I have zero interest in this company. Sell if above cost (including commissions). Otherwise decide whether to hold or sell at an opportune time for a loss. The amount of capital invested isn't very large so locking up capital for a longer period is fine...

Comments

  1. Glad you enjoyed the post, Sivaram. I like your 4-point analysis there, a great addition to what I already wrote. You quantified some of my vaguer statements.

    Looks to me like a good situation for small investors.

    -Jeff
    www.circleofcompetence.blogspot.com

    ReplyDelete
  2. I am participating in this Special Situation as well. I've been following it since February over at Fat Pitch Financial's Contributors Corner.

    ReplyDelete
  3. The four point analysis is from Warren Buffett... so thank him :)

    ReplyDelete
  4. Had a few observations on the situation...

    -- JLN says there are around 1M shares held in street name in total. They've assumed that 30% of these shares will be odd lots less than 250 shares. This may prove to be a low estimate.
    -- TD Banknorth has allowed borrow up to $3M. Based on their assumptions, they believe the total cost of this would come to $3.7M. If an extra 300k shares end up as odd lots, that would imply total incremental costs of perhaps $3.5M. This isn't permitted under the terms of the current revolver, but TD Banknorth says they'll work with JLN to work something out.


    So... my questions are these:
    --To delist, when exactly do they need to have less than 300 recordholders? My understanding is that it's *after* the transaction, and not before.
    --What will JLN do if the % of total street name shares in small lots goes to 60%?
    --Will they buy everyone out prior to the Effective Date, or the Record Date? They say the Effective Date, but this seems a little unclear.

    ReplyDelete
  5. Good question Curt. I don't know the real answer for sure but my understanding is that the number of holders have to less after the reverse-forward split. The whole point of the double split is to satisfy that 300 holder requirement.


    The point you bring up regarding the estimate of the number of shareholders is a real risk (and I should have pointed that out in my post). Although there is the possibility that there are way more odd lot holders, I am not sure how true that is. This is a company that hardly anyone has heard of so it would surprise me if, say, an extra 100,000 people own under 250 shares. Nevertheless, it is a risk that you should consider if you are considering taking a position. I personally don't think it's a big threat (my big concern is the company running into some financial problem in the future (retailers are suffering) and pulling the plug on the whole thing).


    The dates are unclear to me as well. In fact, a lot of things are quite unclear with this company. For instance, they supposedly were to originally have a shareholder meeting on the 7th of May, and we haven't heard anything that was decided on that meeting.

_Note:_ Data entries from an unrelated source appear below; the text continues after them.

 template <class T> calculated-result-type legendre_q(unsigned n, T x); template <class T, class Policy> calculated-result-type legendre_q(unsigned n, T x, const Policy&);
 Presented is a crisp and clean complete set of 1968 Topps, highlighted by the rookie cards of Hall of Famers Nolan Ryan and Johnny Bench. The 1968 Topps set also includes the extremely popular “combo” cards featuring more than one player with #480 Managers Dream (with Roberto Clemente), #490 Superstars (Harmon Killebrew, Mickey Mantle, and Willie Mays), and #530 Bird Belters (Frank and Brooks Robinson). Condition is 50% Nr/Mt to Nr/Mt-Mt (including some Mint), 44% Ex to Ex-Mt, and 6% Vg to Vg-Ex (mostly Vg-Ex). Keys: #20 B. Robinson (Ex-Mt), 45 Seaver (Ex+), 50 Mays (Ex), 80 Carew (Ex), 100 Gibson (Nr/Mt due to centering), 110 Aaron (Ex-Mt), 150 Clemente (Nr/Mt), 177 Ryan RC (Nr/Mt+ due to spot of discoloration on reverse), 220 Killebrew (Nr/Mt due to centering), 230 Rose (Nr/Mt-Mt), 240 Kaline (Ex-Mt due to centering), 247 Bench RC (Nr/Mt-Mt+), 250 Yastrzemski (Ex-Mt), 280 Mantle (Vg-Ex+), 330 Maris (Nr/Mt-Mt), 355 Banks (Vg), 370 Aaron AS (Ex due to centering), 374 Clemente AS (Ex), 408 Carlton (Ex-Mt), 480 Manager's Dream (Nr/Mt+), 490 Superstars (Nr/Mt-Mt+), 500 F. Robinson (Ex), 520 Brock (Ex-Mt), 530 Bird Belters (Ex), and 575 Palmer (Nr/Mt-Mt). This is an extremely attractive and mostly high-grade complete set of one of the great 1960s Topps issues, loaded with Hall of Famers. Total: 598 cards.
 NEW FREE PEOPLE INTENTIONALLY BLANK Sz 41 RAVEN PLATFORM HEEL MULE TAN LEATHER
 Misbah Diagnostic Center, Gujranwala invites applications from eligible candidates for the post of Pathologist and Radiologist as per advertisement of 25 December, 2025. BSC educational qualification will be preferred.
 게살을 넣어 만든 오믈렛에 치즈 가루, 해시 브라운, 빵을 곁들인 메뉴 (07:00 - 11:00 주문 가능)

I'm not even sure if a meeting was held.

    ReplyDelete
  6. Sivaram,

    I put up a response to Curt's requests in my article as well, so take a look at that...
    It's here:
    http://circleofcompetence.blogspot.com/2008/04/jaclyn-arbitrage-for-little-guys.html

    I would be very surprised if there was a massive understatement by JLN on the number of odd-lot shares. Number 1, part of their due diligence prior to the transaction is finding out exactly how many <250 share holders are out there. The 250 share limit is not arbitrary- JLN picked that number for a reason based on the fact that A. they could afford to buy out everyone with less than 250 shares
    and B. Buying out everyone with <250 shares would put them under 300 record holders.

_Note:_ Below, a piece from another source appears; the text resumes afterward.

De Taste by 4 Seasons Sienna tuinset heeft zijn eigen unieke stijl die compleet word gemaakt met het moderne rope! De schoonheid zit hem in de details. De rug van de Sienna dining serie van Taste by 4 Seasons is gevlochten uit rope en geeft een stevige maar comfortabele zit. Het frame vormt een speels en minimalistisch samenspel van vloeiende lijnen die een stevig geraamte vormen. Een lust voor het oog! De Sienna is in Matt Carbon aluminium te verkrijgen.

    To me, that seems like a simple part of their DD process.

    Additionally, if they are wrong, they have a huge amount of availability on their LOC, and extra cash on their balance sheet.

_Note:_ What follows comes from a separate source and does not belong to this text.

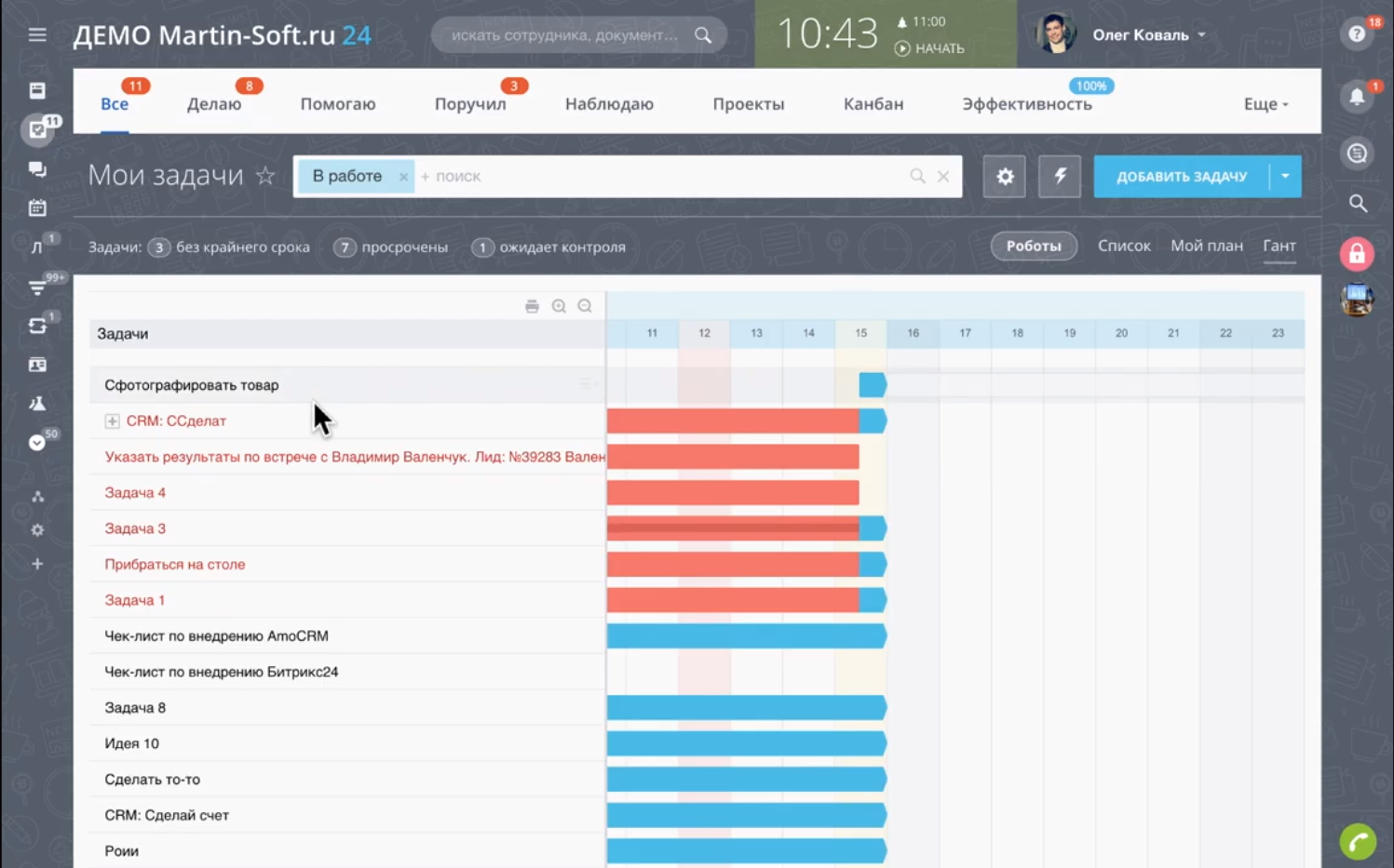 ✔ позволяет оценить эффективность работы каждого отдельного работника (чем больше несвоевременно выполненных задач, тем ниже процент эффективности)

    250 shares is not a lot of shares at 7.50/share- thats less than $2,000 of capital there. For them to find an additional $1mm in costs, there would have to be over 500 holders that they missed. For Curt's hypothetical 300,000 shares, they would have had to miss 300k/250 or 1,200 holders, a substantial amount considering they are trying to get under 300 in order to delist.

    Regarding the dates: when the make an official date, they'll update the proxy and let us know, so I wouldn't worry there.